During the British Mandate for Palestine (1922–1948), Arabs and Jews repeatedly used the law to gain leverage and influence international opinion, especially in three dramatic and largely forgotten trials involving two issues: the interplay between conflicting British promises to the Arabs and Jews during World War I, and the parties’ rights and claims to the Wailing Wall.

Focusing on how all three parties – Arab, Jewish, and British – used the law and the legal process to advance their objectives during the Mandate years, this volume reveals how the parties availed themselves – with varying degrees of success – of the law and the legal process. The book examines various legal arguments they proffered, and how that early tendency to resort to the law as a tool, a resource, and a weapon in the conflict has continued to this day. The research relies almost entirely on primary source documents, including transcripts of the public and secret testimony before the Shaw, Lofgren, and Peel Commissions, diaries, letters, government files, and other original sources.

This study explores the origins of many of the fundamental legal arguments in the Arab–Israeli conflict that prevail to this day. Filling a gap in research, this is a key text for scholars and students interested in the Arab–Israeli conflict, Lawfare, and the Middle East. 

 

About the Author

Steven E. Zipperstein, a former U.S. federal prosecutor, is a Senior Fellow at the Center for Middle East Development at UCLA. He also teaches in UCLA’s Global Studies program and School of Public Affairs.

Zipperstein practiced law for nearly 37 years in California, Washington D.C. and New York/New Jersey. During his legal career Zipperstein worked as a law firm litigator, a federal prosecutor and Justice Department official, and as the Chief Legal Officer for two large companies, BlackBerry Ltd. and Verizon Wireless.

During his service as a United States federal prosecutor, Zipperstein tried more than a dozen federal felony jury trials (including the first-ever prosecution against the owners of a failed savings and loan during the late 1980s), and he argued 23 cases before the 9th Circuit Court of Appeals. During 1992-93 Zipperstein served in Washington D.C. as Special Counsel to former Criminal Division Chief (later FBI Director and Trump/Russia Special Counsel) Robert S. Mueller III. Attorney General Janet Reno appointed Zipperstein to serve as her Counsel during the 1995 congressional hearings regarding the 1993 events at the Branch Davidian compound in Waco, Texas.

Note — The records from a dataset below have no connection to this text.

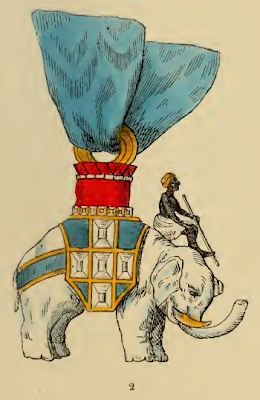 The badge of the Order (No. 2) is a white enamelled elephant with golden tusks, a blue cloth covering, a battlemented tower upon his back, and a negro upon his neck with a spear in his hand.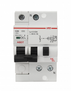 Выключатель дифференциальный автоматический АВДТ-ARD-1P+N-C25-30mA-ТипAC 1P+N/25A/C/AC/30mA/6kA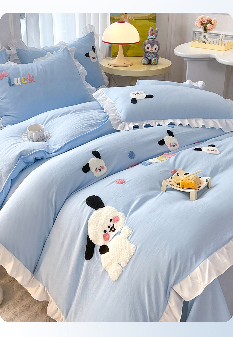 2024 년 새 만화의 한국어 버전 작은 신선한 면화 세척면 연꽃 잎 레이스 수건 자수 4 종 세트 도매 한국어 버전
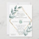 Chá de panela | Botânica Verde de Jade Cinzento - variações do Verde de Jade Cinzento - folhas verdes acinzentadas de cima e de baixo sobre a estrutura dourada do estilo terrário, uma mão falsa fez textura de papel num tom verde de jade muito leve no verso. Fresco e simples, mas deliciosamente elegante. Esta é parte de uma coleção de suite de casamento coordenada por design, projetada pelo BarefootBride™. Possui um estilo de texto clássico simples (que pode ser alterado se você quiser clicar em Personalizar este modelo e, em seguida, na lista suspensa, clique em Clicar para personalizar ainda mais - aqui você pode alterar a fonte e as cores do texto)

Zipperstein graduated from UCLA in 1979 with a bachelor’s degree in Political Science with highest honors, and received his law degree in 1983 from U.C. Davis, where he graduated Order of the Coif and served as a Law Review Editor and member of the Moot Court Board. Zipperstein has taught at Loyola Law School in Los Angeles and published several law review articles. He has testified before Congress on telecommunications policy issues numerous times.

Zipperstein has been elected to the American Law Institute and named a Life Fellow of the American Bar Foundation.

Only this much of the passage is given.